Em diversas ocasiões quando conversávamos em família, porque na verdade, passei a pertencer a ela de uma maneira profunda e completa, contava-me sua vida, e todos as lutas que tivera para sobreviver. Eu apreciava aquele contador de histórias, embora muitas vezes Dona Ramona tivesse lhe dito:
-Para de falar sobre isso. A menina já deve estar enjoada de lhe escutar.
Eu afirmava tranquilamente que me sentia bem ouvindo, o que era a mais absoluta verdade. Sabendo quão pouco meu velho amigo havia estudado, e observando suas tiradas por vezes espirituosas, divertia-me muito, com a naturalidade com que era capaz de dizer qualquer palavra mais “insultuosa” à própria filha, sem se alterar.
O que toda a família e os amigos notavam, era que comigo ele tinha um modo particular de se dirigir, apesar de tudo. Eu tinha um imenso carinho por aquele homem aparentemente grosseiro, mas cujo coração eu aprendera a conhecer e a amar. E que sem dúvida alguma, e muitas vezes, me fizera papel de pai.
Lembro-me que à noite recolhido em seu quarto, gostava de ficar sozinho meditando, e ninguém, nem a mulher e nem a filha tinham licença para entrar. A única que privava dessa especial concessão era eu.
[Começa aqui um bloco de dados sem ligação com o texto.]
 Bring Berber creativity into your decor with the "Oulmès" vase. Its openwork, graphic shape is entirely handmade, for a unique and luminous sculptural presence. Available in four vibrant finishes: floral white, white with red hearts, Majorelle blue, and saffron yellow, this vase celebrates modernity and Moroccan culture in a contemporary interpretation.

Muitas vezes indo lá para desejar Boa noite, batia levemente em seu quarto enquanto ele respondia:
– Entre minha filha.
Sentava-me então em uma poltrona perto de sua cama, e ele me perguntava e queria saber os acontecimentos todos do dia, aconselhando ou aprovando o que eu relatara, porém, continuamente mostrando seu interesse. Quando Dona Ramona precisava dele nessas primeiras horas da noite, sempre solicitava que eu fosse a intermediária.
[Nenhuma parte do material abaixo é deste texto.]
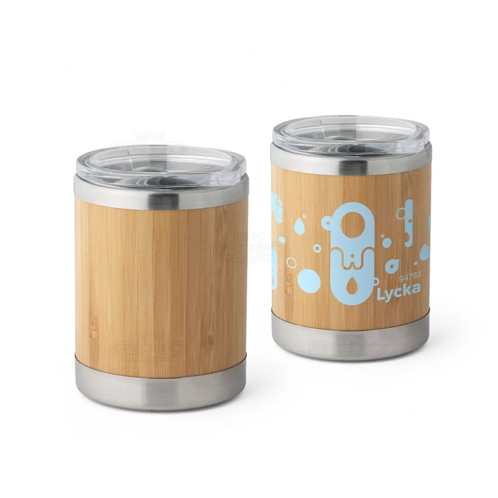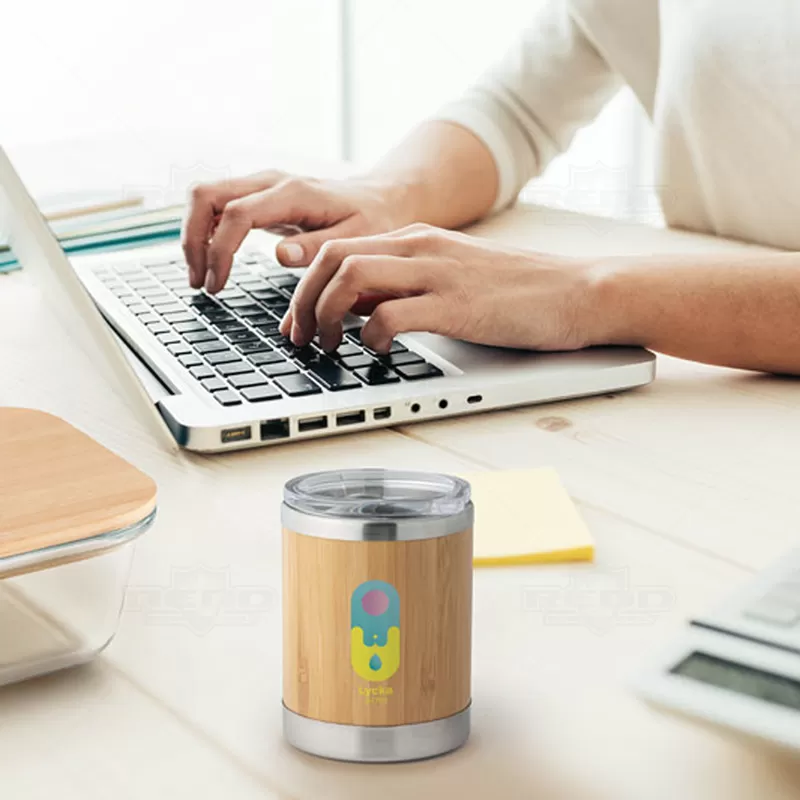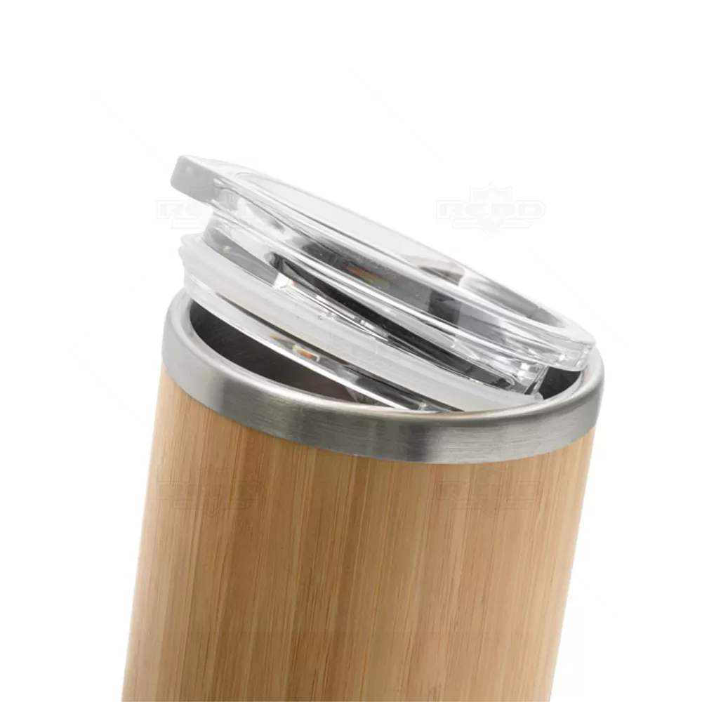 Copo térmico personalizado, produzido em aço inox de parede dupla isolada a ar com revestimento externo em bambu, tampa com abertura deslizante, facilitando o consumo da sua bebida. *Imagem ilustrativa, itens não acompanham o produto. Ideal para brindes personalizados e eventos corporativos.

Hoje comentamos isso com nostalgia porque sua ausência faz-nos rememorar muitos fatos vividos com intensidade. E o que nunca esqueço, foi o dia em que atravessando a rua com a mulher, precipitou-se e foi atropelado. Foi uma fase difícil em que seu rosto machucado e com ossos quebrados, exigiam da família paciência e dedicação. Estive sempre a seu lado, procurando ou pelo menos tentando suavizar aqueles dias difíceis, e dar a família uma força que sozinhos teria sido mais complexo.
Quando começou a comer alguma coisa, só podia tomar sopa e assim mesmo bem lentamente, no copo, porque uma colher aumentaria sobremaneira suas dores musculares e faciais. Mas negou-se peremptoriamente a fazê-lo. Dizia ele que não era criança para tomar sopa dessa maneira, e que não o faria. Olhei-o pensando um jeito de convencê-lo e via na atitude de Dona Ramona um pedido de ajuda.
Falei-lhe então:
-Eu adoro tomar sopa em copo. Podemos fazer isso juntos!
-Não acredito nisso. Nunca vi você fazer uma coisa dessas! Não é do seu estilo!
-É, normalmente não faço. Mas acho que é diferente. Se tivesse uma companhia eu o faria.
O meu amigo observou-me gemendo com o sorriso que instintivamente lhe contraiu os lábios ainda machucados, e falou devagar para não aumentar a contração:
Não sei se você está falando a verdade, mas vai ser divertido. Aceito!
Minha mãe “substituta” e Maria Célia, sua filha, riram sinceramente aliviadas. E desde aí até sua completa recuperação eu tomava deliciosas sopas, absorvendo devagarzinho no copo, ao compasso do meu anfitrião e até divertida por uma prática que nunca exercitara.
Hoje é seu aniversário de morte. Morreu muito depois do acidente minado por aquela doença que costuma debilitar cada parte do corpo enfermo: Câncer.
Até o fim foi para mim um velho amigo sempre presente e a seu modo solícito e carinhoso, realçando e enriquecendo a minha vida e tentando me transmitir um pouco de sua experiência, força e resistência nas intempéries que ainda surgiriam.